A competitive analysis is a way to identify competitors, and understand competitor’s strengths and weaknesses in relation to yours. It helps you gauge how to curb competitors and refine your strategy. Conducting a competitive analysis is important because you’ll build: Strategies for how to expand into a new market.
What should be included in a competitor analysis?
A competitor analysis should include your competitors’ features, market share, pricing, marketing, differentiators, strengths, weaknesses, geography, culture and customer reviews. This article is for new and established small business owners who want to analyze their competition to improve their products or services.
How can companies learn about their competitors strengths and weaknesses?
Consider taking a look at the product reviews and customer comments for your competitors. Websites such as Glassdoor, Capterra, TrustRadius, Software Advice, and G2 Crowd can all be used to view real customer evaluations for potential strengths and weaknesses you hadn’t considered.
How do I find my weakness as a competitor?
How to analyze competitor weaknesses and make them your strengths
- Know Your Competitors. Once you’re familiar with the market potential of an area, zero in on your competitors by conducting a competitive analysis.
- Dial in on Differentiators. Think about what your competition isn’t doing, too.
- Rinse and Repeat.
Is it really beneficial to know the strengths and weaknesses of your competitors?
It is extremely important for you to know about the positioning, pricing, strengths, and weaknesses of your competitors. The insights you gather on your industry and your own business will help you to improve your marketing strategies and truly stand out to your target audience.

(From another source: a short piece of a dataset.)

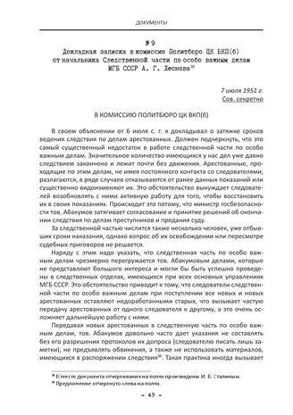Докладная записка в комиссию Политбюро ЦК ВКП(б) от начальника Следственной части по особо важным делам МГБ СССР А. Г. Леонова. 7 июля 1951 г. // АП РФ. Ф. 3. Оп. 58. Д. 537. Л. 69–73. Подлинник. Машинопись.

Why is important to know your competitors?
Knowing who your competitors are, and what they are offering, can help you to make your products, services and marketing stand out. You can use this knowledge to create marketing strategies that take advantage of your competitors’ weaknesses, and improve your own business performance.
How do you evaluate competitors?
Here are 5 steps you can follow to conduct your own competitor analysis.
- Identify your competitors.
- Gather information about your main competitors.
- Analyze the competition’s strengths and weaknesses.
- Talk to your competitors directly.
- Identify your competitive advantage.
Why we need to know your competitors?
What is a competitor weakness?
If a competitor only sells one product, this may be seen as a weakness as the competitor will have limited market reach . In contrast, if a competitor has a large product range, this could be seen as a strength, as the competitor is likely to be able to target a wider range of customers.
How to do a competitor strengths and weaknesses analysis?
You may follow along by downloading the complimentary competitor analysis template. Now you’ll begin your thoroughly honest strength & weakness analysis of your competition. After completing this portion of the competitive analysis, you should be able to take what you’ve learned and apply it to your strategy or product roadmap.
What makes a competitor in a competitive market?
A competitor is any business that sells the same or similar products or services. Businesses may want to know certain things about their competitors, such as their USP, price, quality, convenience, location, product range and customer service.
Which is a weakness of a small business?
It refers to the service offered to customers by a business before, during and after a transaction has taken place. Most small businesses ensure they provide an excellent level of customer service, for example by serving customers quickly. If a competitor is slow at serving customers, this could be a weakness of the competitor.
What to look for in a competitive analysis?
Use any specific data, you have to leverage your advantage in your kill points. In the final part of your competitive analysis report, you’ll take a look at the Market Outlook and your company’s Opportunities & Threats. Trusted by Fortune 500 and leading companies in more than 20 industries.